I'm trying to proof the product rule for functions $f: R^{n} \to R$. There is already a good thread on this - total differential of $f+g$, $fg$ and $\frac fg$.
However, I am not sure about the last step, i.e. showing that $$\lim \limits_{h \to 0} \frac{(f(x+h)-f(x))dg_{x}(h)}{\lVert h \rVert}=0$$
As the other thread mentions in the comments
\begin{align} & \lim \limits_{h \to 0} \frac{(f(x+h)-f(x))dg_{x}(h)}{\lVert h \rVert} \\ & =\lim \limits_{h \to 0} (f(x+h)-f(x)) \lim \limits_{h \to 0} \frac{dg_{x}(h)}{\lVert h \rVert} \\ & \end{align}
and the first limit converges to $0$ by continuity of $f$ (since f is totally differentiable). So it remains to show that the second term is bounded.
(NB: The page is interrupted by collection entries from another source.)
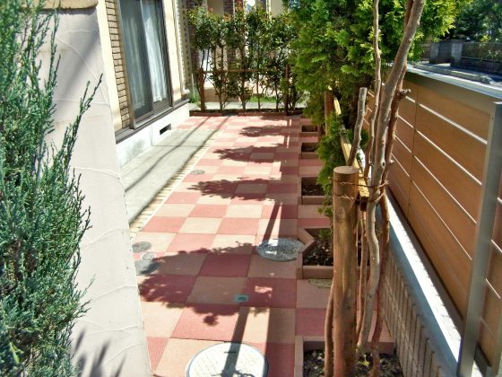 #インターロッキング#レンガライン#レンガ小端立て #化粧ブロック#目隠し#形材フェンス(木調)(横スリット) #レンガ花壇#コニファー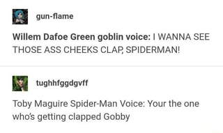 Gun Flame Willem Dafoe Green Goblin Voice I Wanna See Those Ass Cheeks Clap Spiderman Tughhfggdgvff Toby Maguire Spider Man Voice Your The One Who S Getting Clapped Gobby Toby Maguire Best Spidey Green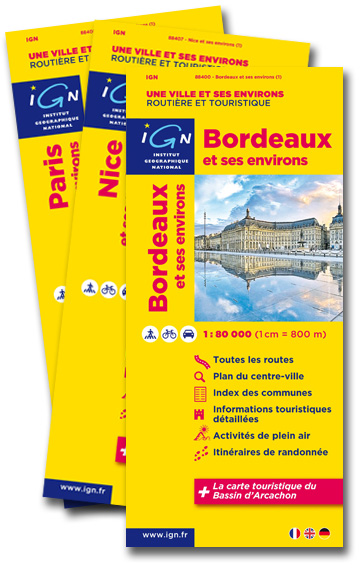 Ultra-lisibles et de grande précision, les cartes « Une ville et ses environs » vous permettront de planifier vos déplacements professionnels ou personnels et de pratiquer vos loisirs préférés à l’aide de 3 échelles différentes adaptées à vos besoins : de la carte générale (1:80 000) au plan de ville (Variable selon cartes. Principalement 1: 13 000) en passant par un extrait de carte IGN TOP 25 (1:30 000) pour pratiquer la randonnée ou une carte touristique pour découvrir des sites d’exception.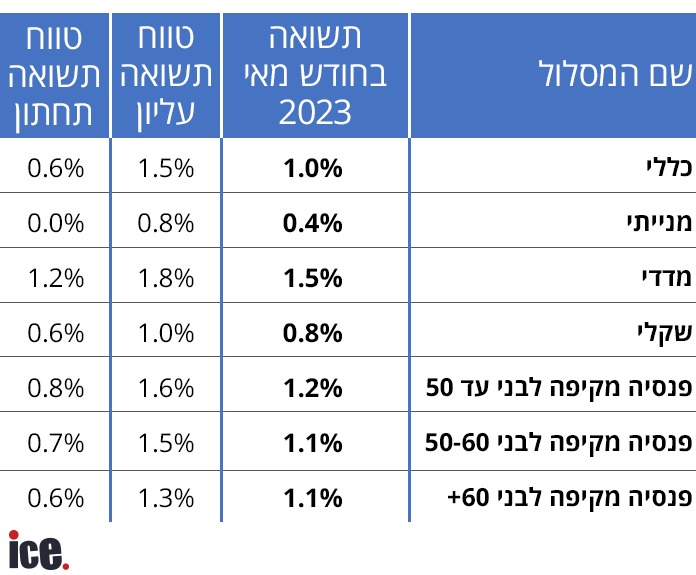 עוד עולה מנתוני מיטב כי טווח התשואות של כלל הקופות אמור לנוע במנעד רחב מאוד של בין תשואה של 0.6% לבין תשואה של 1.5%. בסך הכל בחודש מאי נרשמה בארה"ב מגמה מעורבת כאשר מדד הדאו ירד ב-3.5%, מדד ה-S&P עלה ב-0.3% ומדד הנאסד"ק עלה באופן חד של 5.8%. באירופה נרשמה מגמה שלילית כשה-DAX הגרמני ירד ב-0.9%, ה-CAC הצרפתי ירד ב-5.3% וה-Eurostoxx 50 ירד ב-3.2%.
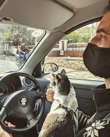 We are talking of moving, so we took Bruno to be microchipped, which is necessary for his "passport." We don't have details on plans yet so don't ask, but I'll tell you Bruno hated the cloth sling bag cage we put him in, which I personally love because it's so much easier to carry than the regular plastic and metal carrier. So he yowled and scratched and pushed against the plastic net with his face and paws until that - - being made only for geriatric cats or very small kittens, I think--tore easily and he walked around the car, and finally settled down on K's lap to watch the world go by. Eventually, at the vet, K slipped the harness on him and in he went, docile and like he had never been that angry cat scratching at his cage. #catstagram #brunothetabby #carpet
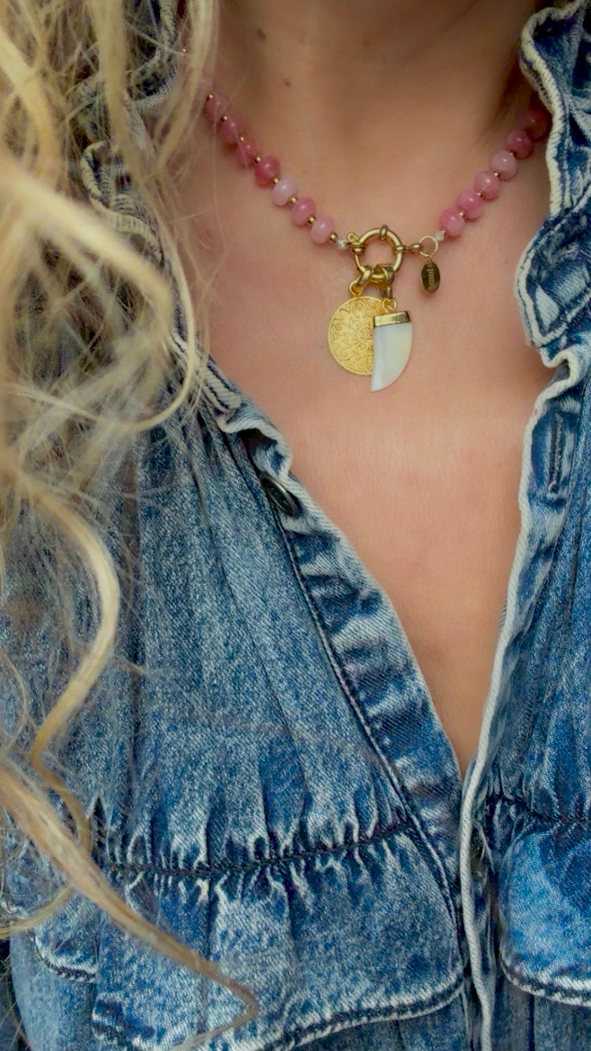 Diese kurze Halskette setzt sich aus farbenfrohen, facettierten Rhodonitperlen zusammen und wurde mit zwei schönen Anhängern geschmückt. Tragen Sie dieses Schmuckstück alleine oder kombinieren Sie es mit anderen Varianten.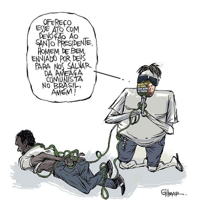 Machado: Nesse momento de polarização política teve muito ataque. Eu tinha um público muito variado na rede social, estava publicando coisas mais lights, fazia muita tirinha de humor comportamental. Aí veio o governo atual, na campanha eu já comecei a fazer charges críticas e políticas, como eu sempre fiz na vida, contra Lula, FHC e vários governos. Sempre tive essa liberdade de fazer, apesar de conhecer Lula de ter me formado e ter convívio com a família dele, por uma época, nunca deixei de criticar. Eu acho que o trabalho profissional vem em primeiro momento e eu gosto de ter essa liberdade profissional para criticar qualquer um que esteja no poder. Quando começou a campanha de 2018, eu comecei a fazer crítica do governo atual e aí comecei a receber um monte de xingamento. Eu não entendi e fiquei meio surpreso, tinha coisas bem esquisitas, do tipo “você não pode fazer isso, respeita o capitão”. Eu achava muito surreal e foi isso que deu mais gás para continuar fazendo charges mais ferrenhas contra o governo e sobre todas as aberrações deploráveis da linha política, que não tem nenhuma proposta, por isso causa essa confusão, enfim é uma coisa patética na minha opinião. Ao longo do tempo foi rolando esse tipo de crítica, de xingamentos. No começo ficava meio assustado, inclusive porque uma das pessoas que me criticava e ameaçava, é um cara que ficava do lado do Bolsonaro do PSL, o vice-presidente do PSL na época, deputado federal do Nordeste. Acho que até hoje ele me segue e fica acompanhando o que eu faço. Esse eu tinha medo porque era complicado. Depois eu fui assimilando e vendo os perfis das pessoas que ameaçavam e xingavam a minha mãe, aquelas coisas para tentar reprimir. Até hoje tem pessoas que ficam seguindo, mas teve um filtro ao longo do tempo. Eu percebia que vários deles eram conservadores e aquelas “feras de teclado”. Porém, hoje a gente não sabe, é imprevisível. Teve gente que saiu do país por causa de ameaças. Coisas já me deixaram deprimido, querendo parar de fazer charge, mas hoje, por enquanto, vou assimilando e entendendo. Se acontece alguma coisa mais séria, mais complicada, aí eu já não sei como é que vai ser.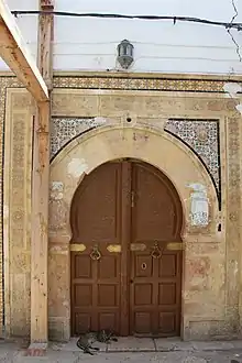 Due to lack of written documents, the history of this mausoleum remained mysterious for a long time. It is mentioned for the first time in the inventory of monuments made by the students of the Bardo Military School in the middle of the 19th century. According to an epigraphic inscription on the front door, it was built in 1738.[3] Some researchers mention that the prayer room was built even before the rest of the monument, during the Zirids reign (between the 11th and 12th centuries).[1] Initially conceived as a simple oratory, it was transformed in 1863 into a mausoleum named after a local Muslim saint, Sidi Saada Kanoun. Since that date, the monument serves as the headquarters of the Sufi brotherhood of Aïssawa. Sidi Saada mausoleum witnessed several extensions and renovation works.[3]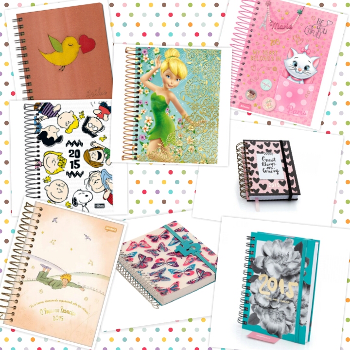 Não sei se já cheguei a falar aqui, mas eu sempre usei agenda, sempre gostei e muito, porque é uma forma de registrar nossas lembranças, nossas diversões, tristezas tudo que vivemos no dia a dia e acredito que eu não devo perder essa essência nem tão cedo e você pode usar a agenda como um bloco de anotações, de metas a serem cumpridas nesse ano de 2015 e vice versa e por isso resolvi trazer para vocês agendas super fofas e mega lindas para a inspiração de cada uma de vocês e é claro, você pode variar o tamanho da agenda, ou até mesmo capa dura ou espiral. PhotoGrid_1420333374830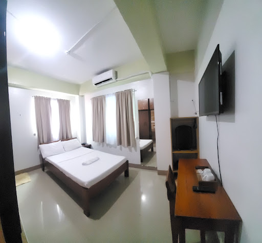 Read morePros: Clean room with table, chair, cabinet with hanger, mug with coffee sachets, slipper and 2 each pillow. Organize CR with bidet and hot and cold shower. Split type aircon. Wifi is ok. Grocery and pharmacy downstairs. Nearby eateries and canteens. Along highway. Near market and walking distance to capitol. Friendly and accomodating staff. Free cold and hot water (dispenser at the hallway).

But I am not sure how to do this.
I have given this another thought and have come up with a solution.
Since $dg_{x}(h)$ is a linear map on a finite-dimensional vector space, it is a bounded linear operator which means that $\lvert dg_{x}(h)\rvert<C \|h\|, C \in \mathbb{R}$ for all $h$ (see https://en.wikipedia.org/wiki/Discontinuous_linear_map).
Therefore, $\frac{dg_{x}(h)}{\|h\|} \leq \frac{\lvert dg_{x}(h)\rvert}{\|h\|}<C$.